Reading a Compound Interest Table
Move down each column on the compound interest table to see the effect of time on the multiplier. Move across each row on the compound interest table to see the effects of changing the rate of return. Take a look at the row that starts with the 20-year time-horizon. Now move across to the 5% annual rate of return column. Note the compounding factor of 2.65. If you invested $10,000 at a 5% interest rate for 20 years you would have $26,500.
Now staying in the same row, move across to the 10% return column and note the compounding factor of 6.73. That same $10,000 at a 10% compounded annual return would be worth $67,300 after 20 years. The return doubled, but your ending wealth more than doubled. Now double the return again. At a 20% annual rate of return $10,000 then becomes a whopping $383,400 after 20 years. The returned doubled again, but you’re your ending wealth would have increased by a factor of almost 6!
That is profound! And that is the awesome power of compound interest.
For an expanded printer-friendly version of our compound interest table that can be handed out to the kids and/or grand kids click here.
Compound Interest Table
Future Value of $1 at the end of n periods: FVIF k,i = (1+i) nwhere n= number of periods, i = rate of return
| Period | 5% | 7% | 10% | 16% | 20% |
|---|---|---|---|---|---|
| 1 | 1.05 | 1.07 | 1.1 | 1.16 | 1.2 |
| 2 | 1.1 | 1.14 | 1.21 | 1.35 | 1.44 |
| 3 | 1.16 | 1.23 | 1.33 | 1.56 | 1.73 |
| 4 | 1.22 | 1.31 | 1.46 | 1.81 | 2.07 |
| 5 | 1.28 | 1.4 | 1.61 | 2.1 | 2.49 |
| 6 | 1.34 | 1.5 | 1.77 | 2.44 | 2.99 |
| 7 | 1.41 | 1.61 | 1.95 | 2.83 | 3.58 |
| 8 | 1.48 | 1.72 | 2.14 | 3.28 | 4.3 |
| 9 | 1.55 | 1.84 | 2.36 | 3.8 | 5.16 |
| 10 | 1.63 | 1.97 | 2.59 | 4.41 | 6.19 |
| 11 | 1.71 | 2.1 | 2.85 | 5.12 | 7.43 |
| 12 | 1.8 | 2.25 | 3.14 | 5.94 | 8.92 |
| 13 | 1.89 | 2.41 | 3.45 | 6.89 | 10.7 |
| 14 | 1.98 | 2.58 | 3.8 | 7.99 | 12.84 |
| 15 | 2.08 | 2.76 | 4.18 | 9.27 | 15.41 |
| 20 | 2.65 | 3.87 | 6.73 | 19.46 | 38.34 |
| 25 | 3.39 | 5.43 | 10.83 | 40.87 | 95.4 |
| 30 | 4.32 | 7.61 | 17.45 | 85.85 | 237.38 |
| 35 | 5.52 | 10.68 | 28.1 | 180.31 | 590.67 |
| 40 | 7.04 | 14.97 | 45.26 | 378.72 | 1469.77 |
A Real World Example of the Awesome Power of Compounding
For a truly awesome example of the power of compounding consider the Coca-Cola story.
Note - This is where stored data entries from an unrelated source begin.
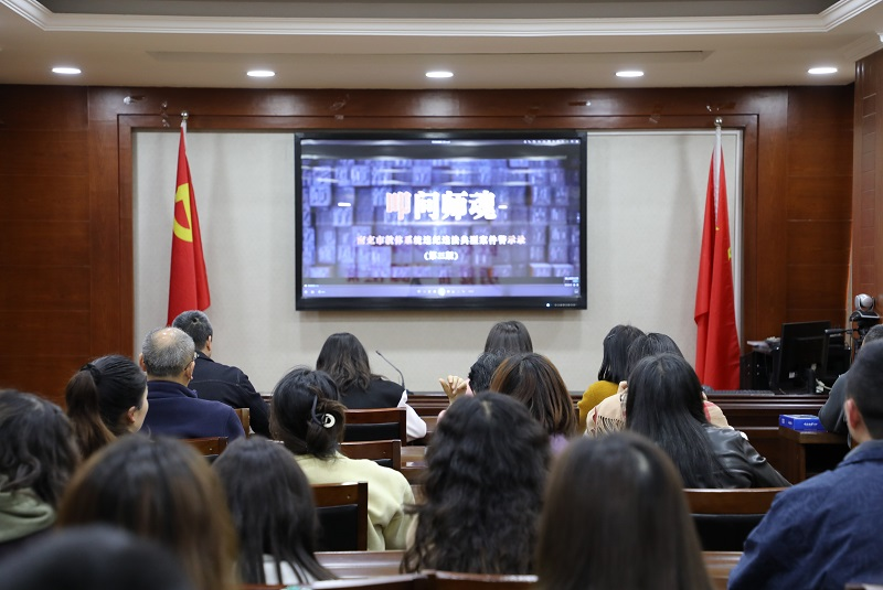 全体参会人员共同观看了警示教育片《叩问师魂(第三版)》。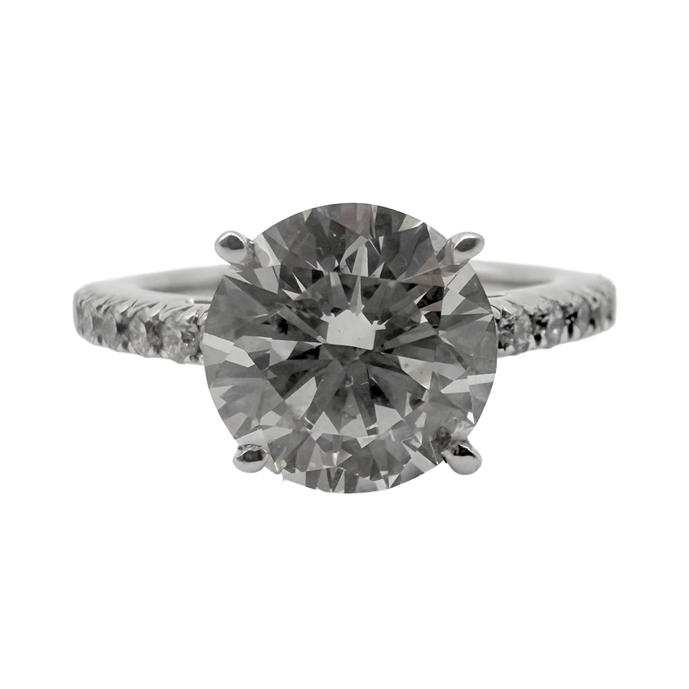 Featuring one lab grown round brilliant cut diamond, weighing 2.30 carat, accompanied by an IGI Diamond Report #LG12612406, stating the diamond is VS2 clarity, H color, set with four prongs in a 14k white gold mounting, decorated by 22 lab grown round brilliant cut diamonds, weighing a total of .44 carat, French set, VS clarity, G to H color, the band is 2.10 mm in width, weighing 3.80 grams, ring size 5 1/2. Note: the center diamond can be sold loose; can be sized.
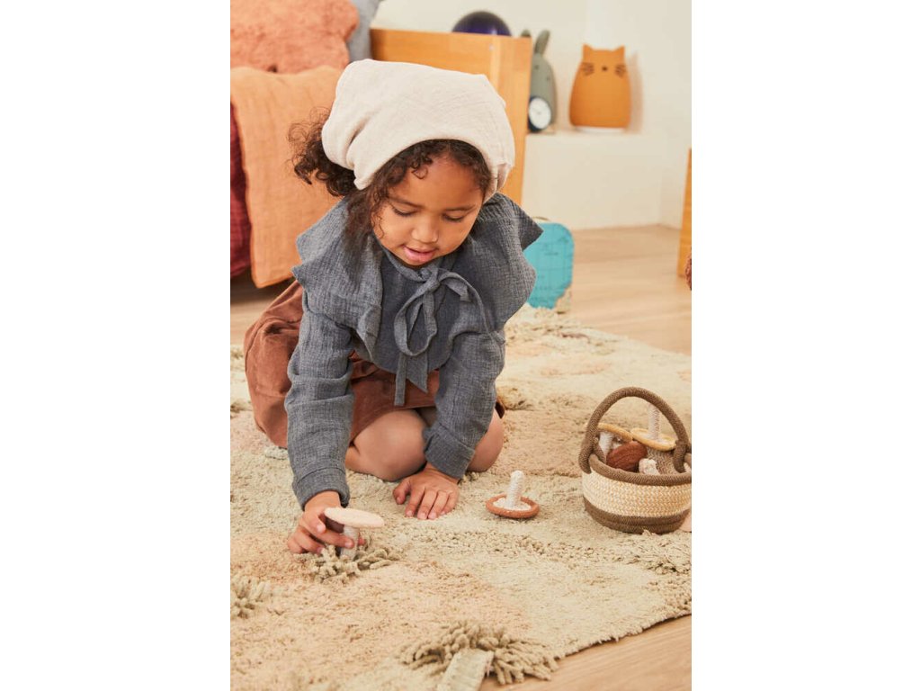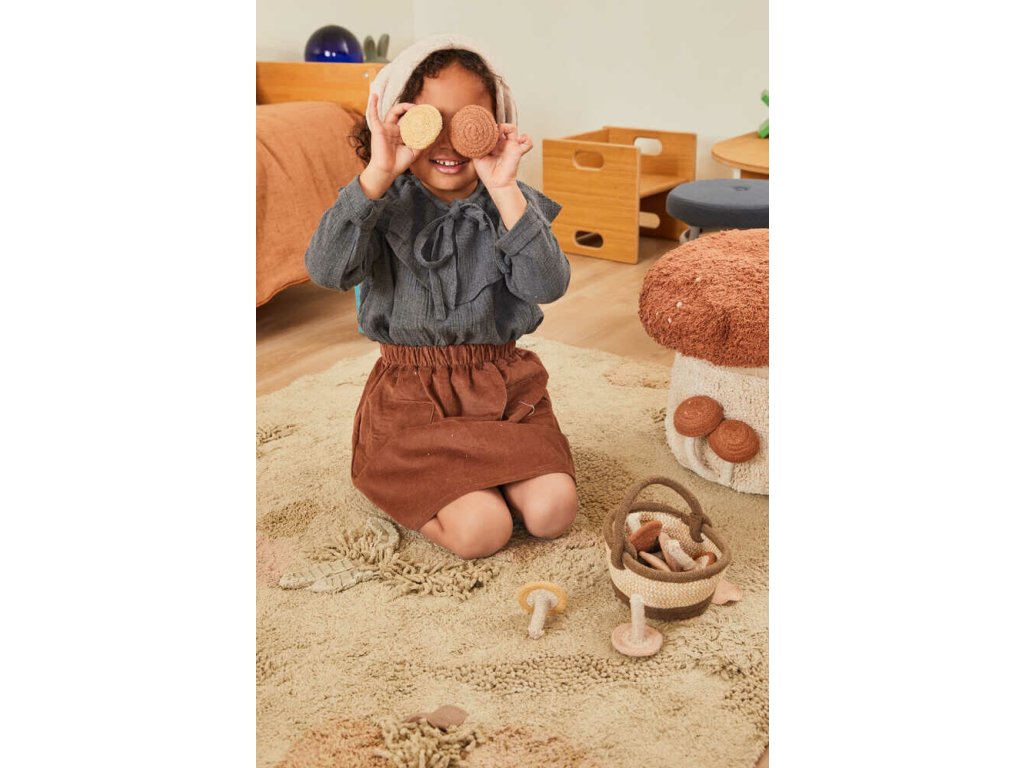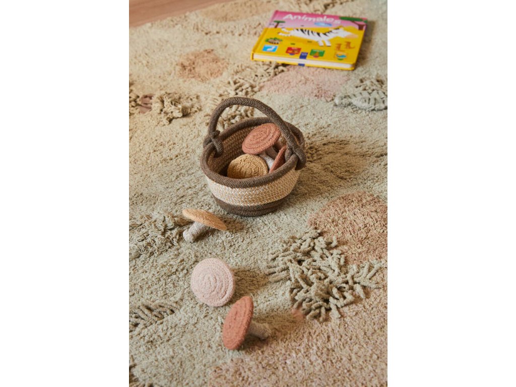 Kolekce Mushrooms Hunt - Sbírání hub vnese do domovů nádech tajuplného lesa a vtáhne děti do dobrodružné hry na sbírání hub. V kolekci jsou na výběr různé koberce, doplňky a bavlněné hračky, jež rozvíjejí dětskou fantazii. Důraz je kladený na každý detail, nezávadnost materiálů a celkový dojem dotahují příjemné odstíny, které v interiéru navozují útulnou atmosféru.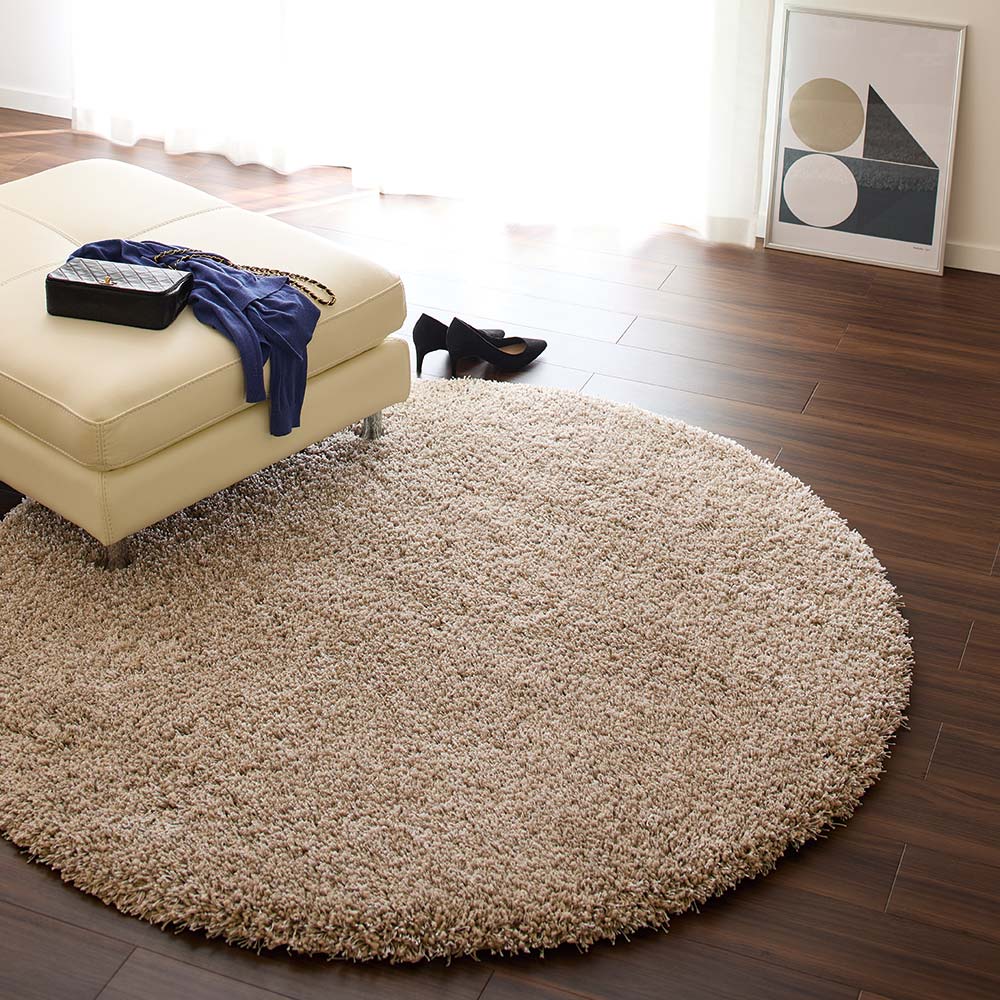 50mmの長い毛足と太さの違うツイスト糸で高密度に仕上げました。インテリアを贅沢に演出する幸せシャギーラグです。●ウィルトン織とは18世紀中期・イギリスのウィルトン市で発祥した機械織りのラグ。特徴としては、【1】自由な表現力と高いデザイン性無地・柄ラグ共にパイルの長さを自由に変えることができることであらゆる表現力を持ち、デザイン性の高いラグを作ることができます。【2】頑丈なつくりで、耐久性がある表面のパイル糸以外に、地径糸(じだていと)・覆糸(おおいいと)・緯糸(よこいと)の4種類の糸を、織りこんで作ってあります。表面のパイル糸が下糸に直接絡み合わせて織り込んであるるために、パイルが抜けにくく、しっかりとした耐久性に優れた仕上がりになっています。●50mmの毛足がリッチ太・細の太さの違うツイスト糸をミックスしたシャギーラグ。毛足50mm、全厚55mmのふっくらボリュームタイプで、ずっと澤って居たくなるような高密度の踏み心地です。●耐久性に優れたポリプロピレン100%ポリプロピレンは軽くて耐久性に優れ、湿気を取り込みにくく、汚れが付きにくいのが特長。濡れても乾きやすく、他の素材に比べて遊び毛がほとんど出ないので、お手入れがしやすい素材です。着色する場合は原料から染色するので堅牢度に優れ、色落ちしにくいという特性もあります。

If an investor purchased $40 of Coca-Cola (KO) stock in 1919 and spent all of his dividends, the total value of his investment at year-end 2018 would have been an impressive $436,000. Not a bad return, but if that same investor instead chose to smartly reinvest dividends, his initial $40 investment would have grown to almost $16,00,000 by year-end 2018. The power of compound interest truly is the royal road to riches.